3) Modify CM to be a multi-module project

See below; what don't you understand in "issues which
maven modules will not solve"?
[See ML archive for a many times reiterated detailed
description of the CM problems, the difference between
CM and other components (modular or not), here and
elsewhere, and how we do not have (never had) the human
resources to correctly handle such a large and diverse
code base.]

that contains only the
modules you want to support.

That condition was explicitly rejected  when *I* first
evoked it (see ML archive).

Later discussions (see ML archive) clarified (?!) that
modularizing CM would certainly not suffice to revive
the project.

Other options were (see ML archive)
4. create an Apache TLP (proposed by James Carman),
5. go through the Incubator.

Either one required the PMC to relinquish the code base
(no internal fork allowed IIUC), which it refused (see ML
archive).

The now visible consequences of renewed obstruction to
the refactoring of CM were not difficult to predict (see
ML archive).

Gilles


Ralph

On Dec 3, 2017, at 4:51 AM, Gilles <gil...@harfang.homelinux.org> wrote:

On Sun, 3 Dec 2017 11:18:18 +0100, Jochen Wiedmann wrote:
On Fri, Dec 1, 2017 at 2:26 PM, Gilles <gil...@harfang.homelinux.org> wrote:

There hasn't been any progress towards a decision.
There isn't even a consensus on one of the central tenets of
Apache ("Those who do the work..."): how sad/strange (?).

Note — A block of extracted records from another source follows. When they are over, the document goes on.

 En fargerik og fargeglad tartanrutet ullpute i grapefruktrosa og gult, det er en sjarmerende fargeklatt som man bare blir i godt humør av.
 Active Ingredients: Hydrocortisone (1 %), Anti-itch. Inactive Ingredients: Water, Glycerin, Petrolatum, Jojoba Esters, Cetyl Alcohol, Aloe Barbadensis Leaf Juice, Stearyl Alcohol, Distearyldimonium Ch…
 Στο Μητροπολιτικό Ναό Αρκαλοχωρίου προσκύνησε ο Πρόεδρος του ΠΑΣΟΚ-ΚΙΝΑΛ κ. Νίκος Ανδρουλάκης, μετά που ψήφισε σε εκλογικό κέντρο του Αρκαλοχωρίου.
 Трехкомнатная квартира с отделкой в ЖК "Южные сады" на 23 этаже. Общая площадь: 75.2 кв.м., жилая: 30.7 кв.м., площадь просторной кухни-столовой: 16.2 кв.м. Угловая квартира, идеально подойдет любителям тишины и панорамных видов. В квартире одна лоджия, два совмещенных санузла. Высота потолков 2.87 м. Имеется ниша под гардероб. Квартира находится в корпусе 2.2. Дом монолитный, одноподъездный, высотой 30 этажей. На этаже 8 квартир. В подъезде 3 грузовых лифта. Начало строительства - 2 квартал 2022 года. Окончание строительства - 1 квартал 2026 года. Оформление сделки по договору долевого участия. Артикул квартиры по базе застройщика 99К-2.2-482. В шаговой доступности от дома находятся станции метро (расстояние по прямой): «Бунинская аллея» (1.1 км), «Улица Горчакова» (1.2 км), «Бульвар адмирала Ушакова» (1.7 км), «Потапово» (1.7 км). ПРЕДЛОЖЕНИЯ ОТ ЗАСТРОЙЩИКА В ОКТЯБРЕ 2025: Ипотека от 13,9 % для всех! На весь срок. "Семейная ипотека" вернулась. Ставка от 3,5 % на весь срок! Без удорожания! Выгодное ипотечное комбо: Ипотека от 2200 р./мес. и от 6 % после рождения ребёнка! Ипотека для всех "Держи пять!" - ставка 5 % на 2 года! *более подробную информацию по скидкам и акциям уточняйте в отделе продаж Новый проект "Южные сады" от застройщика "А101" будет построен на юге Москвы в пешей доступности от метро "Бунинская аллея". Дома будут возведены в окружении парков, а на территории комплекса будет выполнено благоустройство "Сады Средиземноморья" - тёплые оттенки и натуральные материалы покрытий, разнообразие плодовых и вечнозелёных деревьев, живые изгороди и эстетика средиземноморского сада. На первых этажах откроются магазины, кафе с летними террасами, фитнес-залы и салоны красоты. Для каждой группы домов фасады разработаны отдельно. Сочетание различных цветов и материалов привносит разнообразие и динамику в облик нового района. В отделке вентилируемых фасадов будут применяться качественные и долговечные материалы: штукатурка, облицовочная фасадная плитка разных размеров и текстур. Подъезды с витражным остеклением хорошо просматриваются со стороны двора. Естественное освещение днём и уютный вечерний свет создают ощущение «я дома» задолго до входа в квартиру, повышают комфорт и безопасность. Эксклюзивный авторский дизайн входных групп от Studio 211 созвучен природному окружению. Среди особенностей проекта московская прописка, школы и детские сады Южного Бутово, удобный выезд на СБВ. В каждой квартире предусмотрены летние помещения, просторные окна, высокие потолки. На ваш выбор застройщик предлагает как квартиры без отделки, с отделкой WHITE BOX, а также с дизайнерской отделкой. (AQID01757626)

Those who do the work are welcome to decide on their own, if they do
not involve others.

The conditional is not part of the well-known mantra.

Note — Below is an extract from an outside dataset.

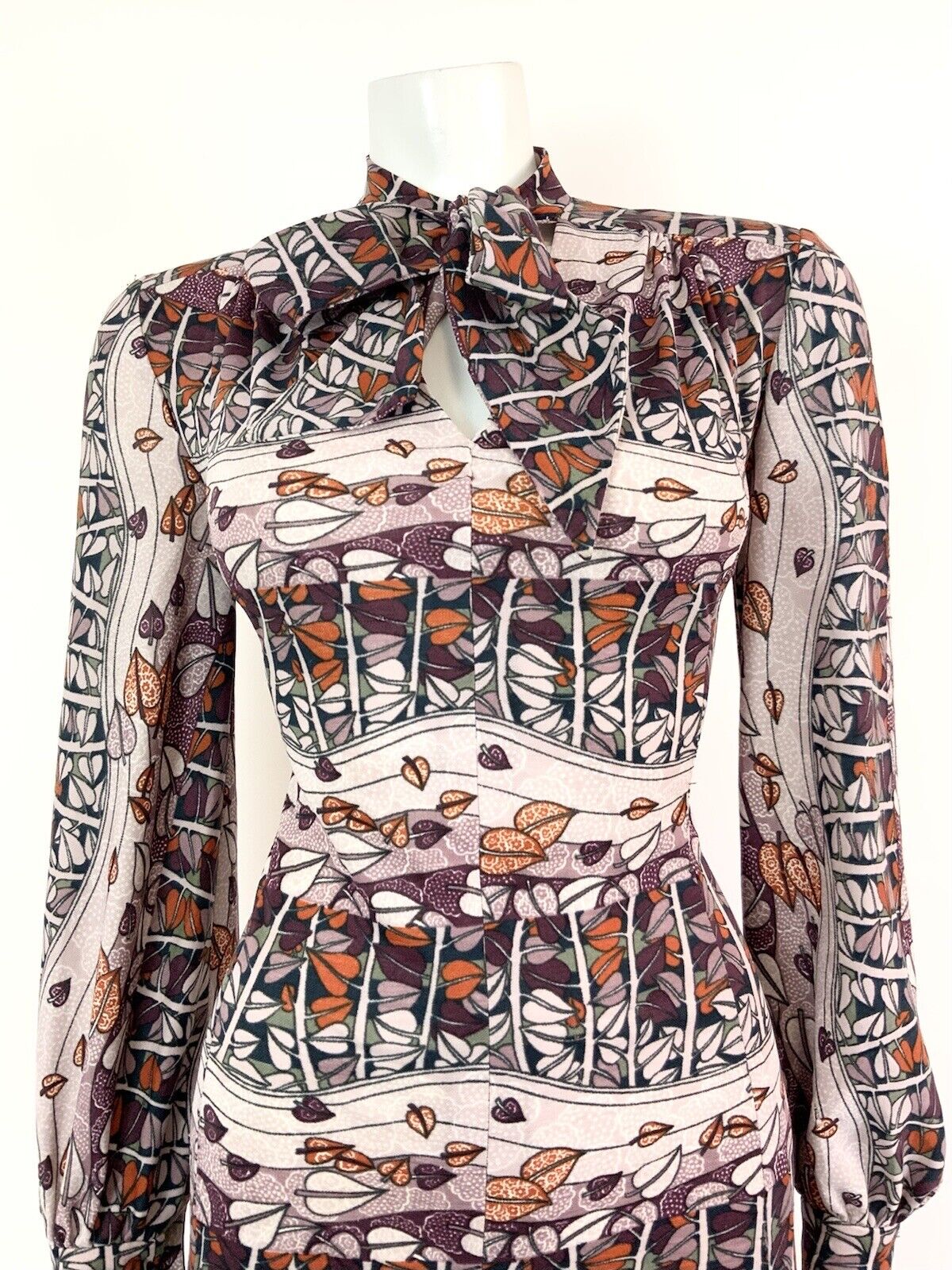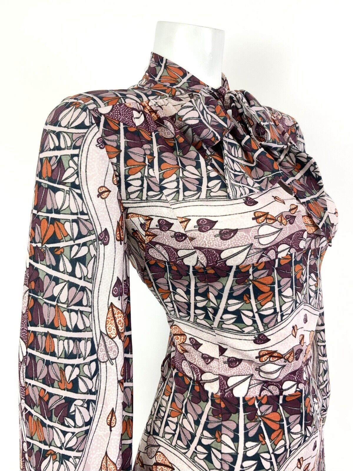 VTG 60s 70s PURPLE PINK ORANGE LEAFY TREE VINE PSYCHEDELIC PUSSYBOW DRESS 14 16

The issue here is to answer the question of what to do with
a non-trivial code base.  My stance is to try and fix the
problem(s), a.o. difficult management, by rooting out its
main cause: CM has become an aggregate of components with
completely different subject matters, scopes, designs,
efficiencies, provisions for extension, etc.
[An array of issues which "maven" modules will not solve.]

We are seemingly faced with a choice between:
1. Maintain CM as the huge library that it is now.
2. Incrementally create maintainable components.

A long time has passed since these alternatives were first
exposed, only proving that none of the people who informally
chose option(1) invested work to make it a reality.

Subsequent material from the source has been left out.